Once the fuselage parts were dry I attempted to fill the seam around the engine pod and tried to fill the rough edge of the tube top. None of my usual putties wanted to stick to the acrylic so I chanced it and used superglue minus accelerator. Once the glue dried I sanded the parts smooth and the roughness of the tube end was gone. The engine to tube seam was rough but Ill just have to live with it, I'm all sanded out and the paint scheme hides most of the seam anyway.
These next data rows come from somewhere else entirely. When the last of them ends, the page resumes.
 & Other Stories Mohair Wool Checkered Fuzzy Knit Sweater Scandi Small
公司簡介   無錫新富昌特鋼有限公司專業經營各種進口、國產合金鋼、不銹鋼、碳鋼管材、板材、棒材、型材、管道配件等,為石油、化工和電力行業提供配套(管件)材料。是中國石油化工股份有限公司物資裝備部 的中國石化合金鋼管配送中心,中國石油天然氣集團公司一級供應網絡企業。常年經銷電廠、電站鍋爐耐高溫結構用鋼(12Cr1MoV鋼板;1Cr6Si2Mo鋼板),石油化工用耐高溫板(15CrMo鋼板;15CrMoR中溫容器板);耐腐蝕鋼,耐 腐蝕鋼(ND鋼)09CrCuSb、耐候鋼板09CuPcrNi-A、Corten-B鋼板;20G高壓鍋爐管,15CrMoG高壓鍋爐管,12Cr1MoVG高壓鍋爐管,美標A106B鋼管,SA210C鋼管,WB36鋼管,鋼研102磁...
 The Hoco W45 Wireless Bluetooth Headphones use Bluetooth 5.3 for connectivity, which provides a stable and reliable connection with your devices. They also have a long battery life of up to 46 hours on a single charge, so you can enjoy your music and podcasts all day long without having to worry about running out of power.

Next up was painting. I'd love to say it was as simple as spraying some white and black on the tube, but it gave me fits! I repainted the fuselage/engine pod 3 times before I finally found a paint that didn't either crackle, peel off, or curdle. Painter's Choice spray lacquer crackled as soon as it hit the acrylic, DAP brand white curdled and then peeled, and Krylon white primer didn't even want to stick! Finally I tried Living Color brand spray acrylic white and it dried ok, but the can I got was all chunky when it sprayed. I decided to just coat the thing until it was white and opaque, I was growing weary of painting it over and over. The chunks of paint were sanded off with a fine sanding pad and the finish finally looked decent.

Once I had the white finished the black roll patterns were a breeze, if not a little confusing. You must really study the instruction sheet and figure out where the black goes before you start masking. I used the destroyed tube to figure the design out and I suggest the same technique for everyone else. I used a Sharpie marker to draw the design onto the spare tube and to figure out which design went on each fin. I numbered each fin and it's place on the engine, then masked and painted the black areas with flat black using my airbrush. Even after carefully masking the black areas I still got one stripe wrong! Thankfully the Living Color white covers well and it took only one coat to cover the remasked mistake area.
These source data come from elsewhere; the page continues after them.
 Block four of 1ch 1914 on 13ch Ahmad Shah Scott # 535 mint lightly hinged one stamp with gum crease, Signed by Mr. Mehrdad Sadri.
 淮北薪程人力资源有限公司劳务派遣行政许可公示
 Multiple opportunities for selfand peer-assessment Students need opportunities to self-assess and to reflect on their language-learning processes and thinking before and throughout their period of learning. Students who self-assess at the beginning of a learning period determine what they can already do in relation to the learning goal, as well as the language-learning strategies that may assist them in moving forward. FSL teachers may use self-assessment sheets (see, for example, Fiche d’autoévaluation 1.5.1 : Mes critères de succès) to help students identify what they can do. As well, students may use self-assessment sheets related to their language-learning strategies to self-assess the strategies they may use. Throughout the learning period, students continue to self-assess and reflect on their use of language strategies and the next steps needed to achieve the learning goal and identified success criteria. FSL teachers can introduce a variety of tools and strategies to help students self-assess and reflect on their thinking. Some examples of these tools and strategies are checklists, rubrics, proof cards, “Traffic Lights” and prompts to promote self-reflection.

Once the fuselage dried I sprayed a finish coat of Testors Gloss clear over the whole thing and let it dry overnight. The next day I applied the decals with very little trouble. I had anticipated some problems in applying the markings to the capsule's ribbed side, but with a little help from Micro-sol it laid down perfectly. One problem I had was if all four of the MR decals went on the ship or just two of each. I couldn't find any reference photos with two or more of these markings showing, so I only placed the MR7 decals on opposite sides of the rocket.
If anyone reading this knows what they are and where they go, please let me know so I can fix it. Another problem was that the roll pattern and black stripe decals were just a tad bit too short to reach all the way around the rocket body, but it's not really noticeable when finished. I filled the gap in the stripe with a piece of the black stripe on the extra decal sheet and didn't bother with the roll patterns.

The final step of putting the parts together went well, with only slight rebending of the tower parts needed for a snug fit. The finished rocket was once again sprayed overall with Testors Gloss, then affixed to the base I had made for it before I had the kit.
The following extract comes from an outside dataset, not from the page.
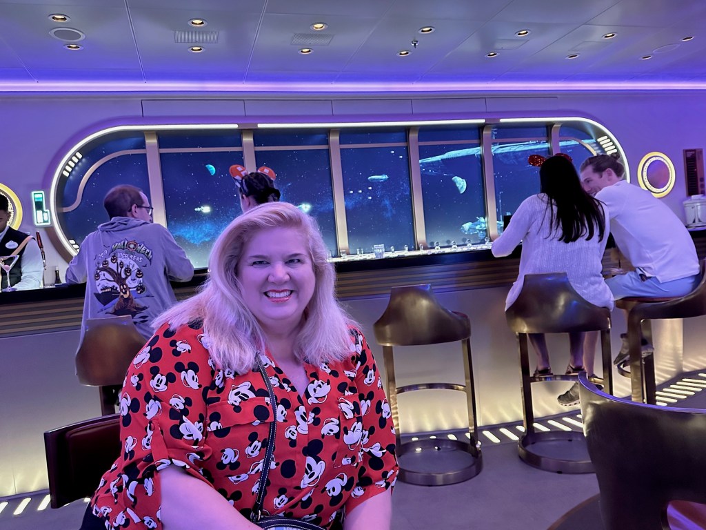 Afterwards we thought we would try our luck at getting into the Hyperspace Lounge since it was nearby on Deck 3. The reviews had all complained about getting in. When the ship first set sail you had to have a reservation, but that is no longer the case. During busier times, there is a sign out asking you to limit you stay to 45 minutes and they will deliver the check to insure you keep to that time frame. We actually headed right over after the show and got in this small venue. There aren’t a lot of decorations, but the highlight is the window. The idea is you are on a lounge on a cruiser in space and periodically the cruiser goes into hyperdrive and you are transported to outside another planet with a different view outside the window.

My problems aside, this kit is beautiful when done. For such a tiny box it sure does build into a nice size rocket, standing at 14" tall when done. It should look great next to my 1/72nd scale shuttle stack, that is if I ever get around to building the monster! Please do not let my experiences keep you from buying this kit, just learn from my mistakes and build it right from the beginning. I had never used acrylic tubing before and didn't know it was so touchy to superglue and certain paints. The kit itself is great and I highly recommend it to anyone looking to fill a gap in his or her real space rocket collection. If this one is any indication of RealSpace Models' kits, I'm a definitely a future customer!

Many thanks to RealSpace Models for providing the review sample.